Program Director/Principal Investigator (Last, First, Middle): De La Torre, Juan C. 1R01 AI075298-01A2 Viruses can induce a variety of disease states in the central nervous system. Meningitis is a potentially fatal disorder induced by a long list of human pathogens, including viruses, and is often associated with symptoms that include fever, headache, stiffness of the neck, and seizures. Presently, very little can be done for patients with viral meningitis other than to relieve symptoms. We propose that a detailed understanding of this pathogenic process in real time may foster the development of novel interventions to alleviate symptoms and prevent permanent neurological dysfunction and fatalities. To accomplish this goal we propose to study the well-described meningitis induced by lymphocytic choriomeningitis virus (LCMV), a noncytopathic mouse as well as human pathogen. Intracerebral inoculation of mice with LCMV results in a fatal meningitis within 6 days that is mediated almost entirely by cytotoxic lymphocytes (CTL). Importantly, this disease can be completely prevented by prior vaccination or immunization. The dynamics of cellular interactions in the meninges during failed or effective control of infection have not been studied previously. Moreover, the precise mechanisms that mediate fatal injury in this model are not entirely understood. We will utilize a combination of state-of-the art viral reverse genetics, fluorescently-tagged immune cells, and two-photon laser scanning microscopy in combination with in situ staining for different molecular species to follow the local immune cell dynamics in the LCMV-infected mouse cerebral cortex and meningeal space. Our hypothesis is that CTL damage to astrocyte networks in the CNS leads to generalized fatal seizure during acute LCMV-induced meningitis, and that rapid responsiveness and the use of alternative effector mechanisms by activated memory T cells in vaccinated mice results in limited damage to astrocyte networks, maintenance of the blood brain barrier, and survival. This hypothesis will be addressed by the two focused following specific aims: 1) Completion of the first real time analyses of interactions between CTL and CNS targets infected by fluorescently-tagged LCMV, and 2) in vivo evaluation of immunological synapse formation and molecular mechanisms involved in CNS CTL targeting and damage.

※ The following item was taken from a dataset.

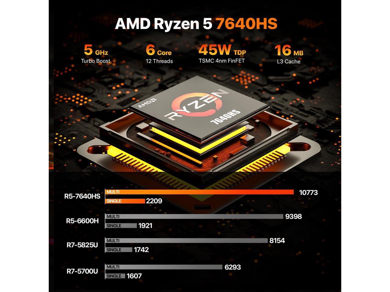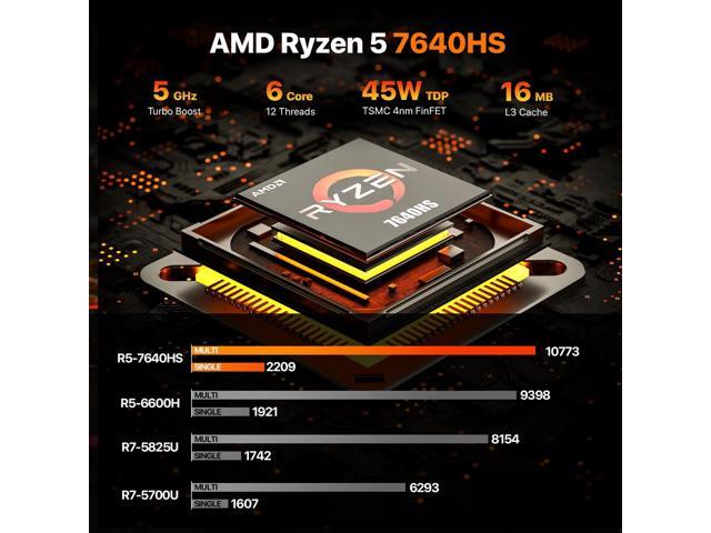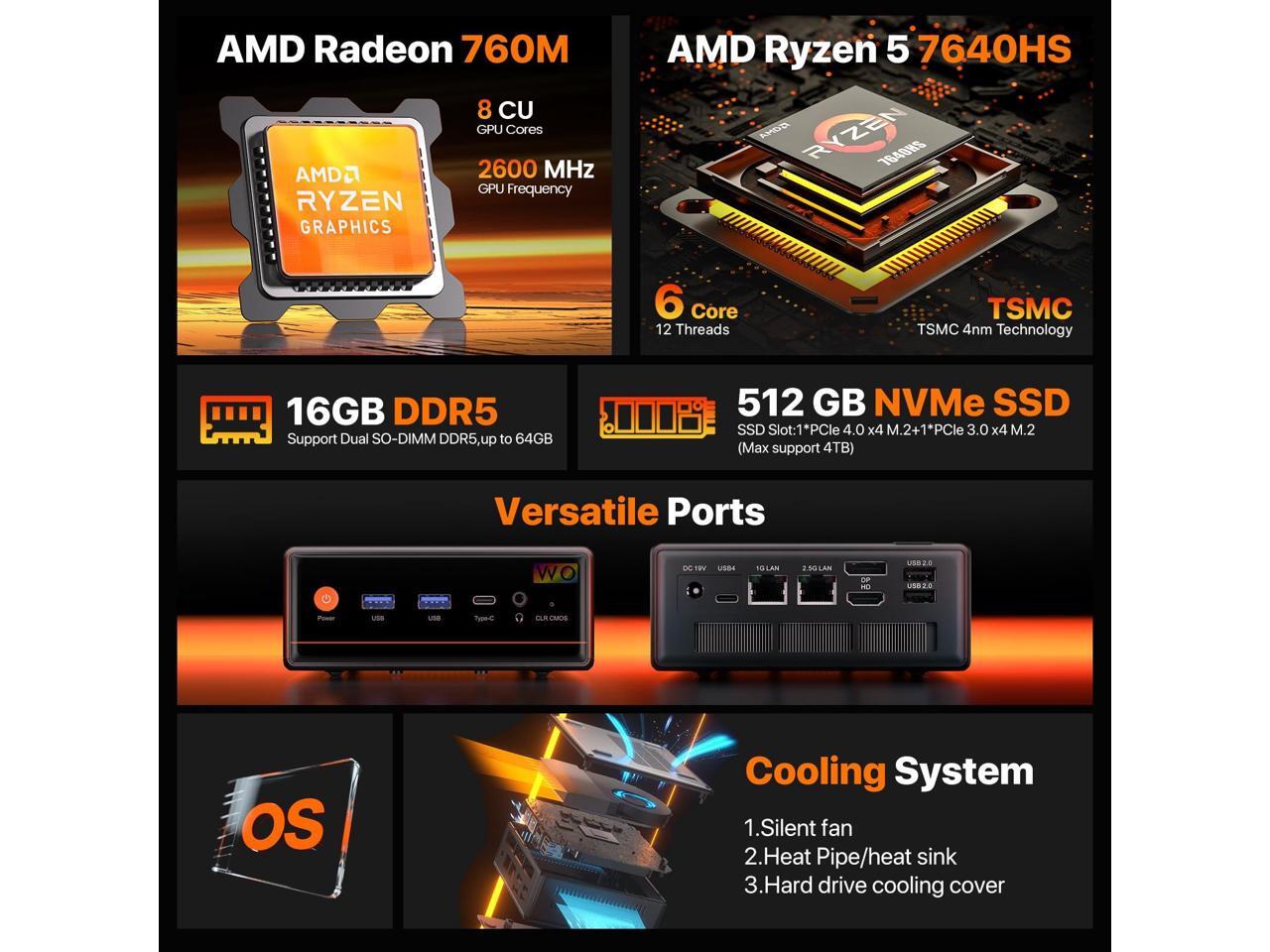 - The Ryzen 5 7640HS CPUThe WO4 Mini PC is a Small Desktop Micro Mini Computer with an Ryzen 5 7640HS (6C/12T up to 5Ghz) processor. The GPU is integrated with a powerful Radeon 760M Graphics Card; This mini computer can handle heavy computing tasks smoothly and better for multitasking.

项目总监/首席研究员（最后、第一、中间）：De La Torre, Juan C. 1R01 AI075298-01A2 病毒可以诱发中枢神经系统的多种疾病状态。脑膜炎是一种潜在致命性疾病，由包括病毒在内的多种人类病原体引起，通常伴有发烧、头痛、颈部僵硬和癫痫发作等症状。目前，除了缓解症状之外，对病毒性脑膜炎患者几乎无能为力。我们建议，实时详细了解这种致病过程可能会促进新干预措施的开发，以减轻症状并预防永久性神经功能障碍和死亡。为了实现这一目标，我们建议研究由淋巴细胞性脉络膜脑膜炎病毒（LCMV）（一种非细胞病变的小鼠以及人类病原体）引起的脑膜炎。小鼠脑内接种 LCMV 会在 6 天内导致几乎完全由细胞毒性淋巴细胞 (CTL) 介导的致命性脑膜炎。重要的是，这种疾病可以通过事先接种疫苗或免疫接种来完全预防。先前尚未研究过感染控制失败或有效期间脑膜中细胞相互作用的动态。此外，在该模型中介导致命伤害的精确机制尚不完全清楚。我们将利用最先进的病毒反向遗传学、荧光标记免疫细胞和双光子激光扫描显微镜的组合，并结合不同分子物种的原位染色，以跟踪 LCMV 中的局部免疫细胞动态。感染小鼠大脑皮层和脑膜腔。我们的假设是，在急性 LCMV 诱导的脑膜炎期间，CTL 对中枢神经系统星形胶质细胞网络的损伤导致全身性致命性癫痫发作，而免疫小鼠中激活的记忆 T 细胞的快速反应和使用替代效应机制会导致对星形胶质细胞网络的有限损伤、维持血脑屏障、维持生存。这一假设将通过以下两个具体目标来解决：1）完成对荧光标记的 LCMV 感染的 CTL 和 CNS 靶标之间相互作用的首次实时分析，以及 2）对免疫突触形成和相关分子机制的体内评估CNS CTL 靶向和损伤。